The diluted sample was conveyed to the ground-based instruments through a 30 m long, 1.03 cm inner diameter carbon-impregnated Teflon hose wrapped in a stainless steel braid (Detroit Flex Defense, Troy, MI). The tubing has a smooth bore that reduces the pressure drop in the sampling line, is conductive to reduce particle losses in the line, and is flexible, allowing for easy positioning of the instrument skid in the plume. Particle losses in the sampling system were calculated using the United Technologies Research Center particle loss calculator [13] to correct aerosol measurements made on the ground, which accounts for diffusional, inertial, thermophoretic, electrostatic, and bending losses . Black carbon, PM absorption and scattering, and PM size distributions were measured from the diluted sample line.

CO2 was measured continuously using a non-dispersive infrared (NDIR) instrument (LI-820 model, LICOR Biosciences, Lincoln, Nebraska, USA) described more fully elsewhere [5]. CO was measured continuously using an electrochemical cell (e2V EC4–500-CO, SGX Sensortech, Essex, UK) that measures concentration through CO oxidation and changing impedance. Both monitors were pre-test calibrated and post-test drift-checked on a daily basis using National Institute of Standards and Technology (NIST)-traceable standards in accordance with U.S. EPA Method 3A [15]. A precision gas divider Model 821S (Signal Instrument Co. Ltd., Surrey, UK) was used to dilute the high-level span gases to intermediate concentrations.

Particulate matter was sampled to determine emission factors, size distribution, chemical characterization, optical properties, and to provide solids for subsequent toxicity testing. PM2.5 was sampled with SKC impactors using 47 mm tared Teflon filters with a pore size of 2.0 µm via a Leland Legacy sample pump (SKC Inc., USA) with a constant airflow of 10 L/min. After collection, PM was measured gravimetrically following the procedures described in 40 CFR Part 50 [16]. The Leland Legacy sample pump was calibrated before and after testing using a Gilibrator Air Flow Calibration System (Sensidyne LP, St. Petersburg, FL, USA).

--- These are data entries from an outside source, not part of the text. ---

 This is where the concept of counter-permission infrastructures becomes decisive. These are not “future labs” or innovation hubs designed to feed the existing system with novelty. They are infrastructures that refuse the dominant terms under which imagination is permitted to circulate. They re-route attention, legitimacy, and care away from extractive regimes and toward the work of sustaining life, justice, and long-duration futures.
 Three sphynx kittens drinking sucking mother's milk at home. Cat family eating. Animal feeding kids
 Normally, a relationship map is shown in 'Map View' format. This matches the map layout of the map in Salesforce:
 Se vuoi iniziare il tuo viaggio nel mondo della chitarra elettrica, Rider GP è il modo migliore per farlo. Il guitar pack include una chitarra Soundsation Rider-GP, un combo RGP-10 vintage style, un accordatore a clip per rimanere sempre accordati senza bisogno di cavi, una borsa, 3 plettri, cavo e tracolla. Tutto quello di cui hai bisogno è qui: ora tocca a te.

Particle size distribution was measured continuously with a DustTrak DRX Model 8533 (TSI Incorporated, Shoreview, MN, USA) that uses light scattering and an internal gravimetric calibration to determine PM1, PM2.5, Respirable (PM4), PM10 and Total PM (up to 15 µm). An additional range of particle size distributions was measured continuously using a ground-based measurements: an Engine Exhaust Particle Sizer (EEPS, TSI, Shoreview, MN) and an Aerodynamic Particle Sizer (APS, TSI, Shoreview, MN, USA). The EEPS measures the number concentration of particles with a mobility diameter between 5.6 to 560 nm in real time by electrostatic classification. The APS measures the time of flight of single particles, determining particle sizes between 540 nm to 20,000 nm in real time.

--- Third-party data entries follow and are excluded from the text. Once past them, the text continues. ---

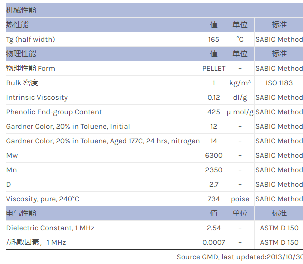 应用范围:产品描述NORYL PPO SA120物性表NORYL SA120 resin is a low molecular weight polymer based on Polyphenylene ether (PPE). NORYL SA120 is intended for use as additive or building block in a variety of thermoplasti
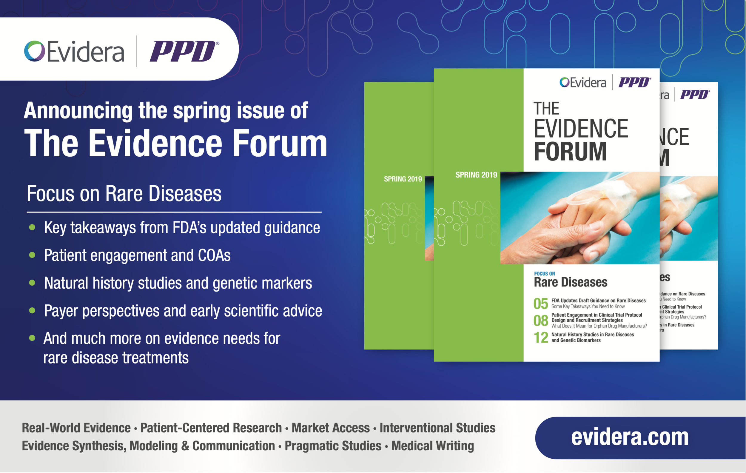 Branding and marketing communications developed for Evidera | PPD from 2017-2020. Conference exhibit, advertisements, and branded studies.
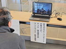 去る3月7日、日曜日に予定していたロビーコンサートを、新型コロナウイルスの感染防止のため、中止にさせていただきました。 演奏を快諾いただいた若き演奏家や、楽しみにしていた皆様には大変申し訳なく思います。 せめてもと思い、その当日、昨年の演奏の様子を映像で流しました。 映像を見ていたお客様の手には、中止となったロビーコンサートのチラシがありました。 願わくば、新型コロナウイルスが落ち着き、過去の映像ではなく、生の演奏が早く館内に響き渡りますことを祈っております。 季節の変わり目でもありますので、皆様ご自愛ください。

Bulk particle collection for subsequent toxicity analysis was accomplished by use of two methods, a cyclone system and a filter system. The cyclone (CS3, Inc., Sandpoint, ID, USA), was expected to sample particles in the 0.3 µm to 3.5 µm range, with a median diameter, D50, of 0.8 µm at a flow rate of 1 m3/min (more details on the cyclone and its performance area available in [31]). The filter system used a 20 cm × 25 cm Teflon filter with a fan (Ametek, Whitsett, NC, USA) operating nominally at 750 L/min. Three fans were used interchangeably between the cyclone and filter systems.

Aerosol absorption (Babs) and scattering (Bscat) were measured with a three wavelength (at 405 nm, 532 nm, and 781 nm) Photoacoustic Soot Spectrometer (PASS-3, Droplet Measurement Technology, Boulder, CO, USA). The PASS-3 measures PM absorption using the photoacoustic effect and simultaneously measures the light scattering with a reciprocal nephelometer. The PASS-3 operation and calibration are described elsewhere [22]. The single scattering albedo (SSA), angstrom exponent (AAE), mass specific absorption coefficient (MAC), and mass scattering efficiency (MSE) were calculated from Babs and Bscat measurements as described in [32] and [22].

Black carbon concentration was determined with an AE51 microaethalometer (AethLabs, San Francisco, CA, USA) which measures attenuation at 880 nm and provides a BC concentration using the manufacturer’s mass specific attenuation coefficient. The measurement frequency was 1 Hz for the duration of the burns. High concentrations encountered in the plume resulted in high AE51 filter loadings, reducing the valid measurement period to less than one minute of each burn. A second AE51 measuring the dilute sample allowed for a longer measurement period. The black carbon concentration was corrected for filter loading effects as described elsewhere [33] using a k-factor of 0.85. The k-factor was determined by optimizing the comparison of the corrected black carbon concentration with the measured Babs at 781 nm (r2 > 0.98).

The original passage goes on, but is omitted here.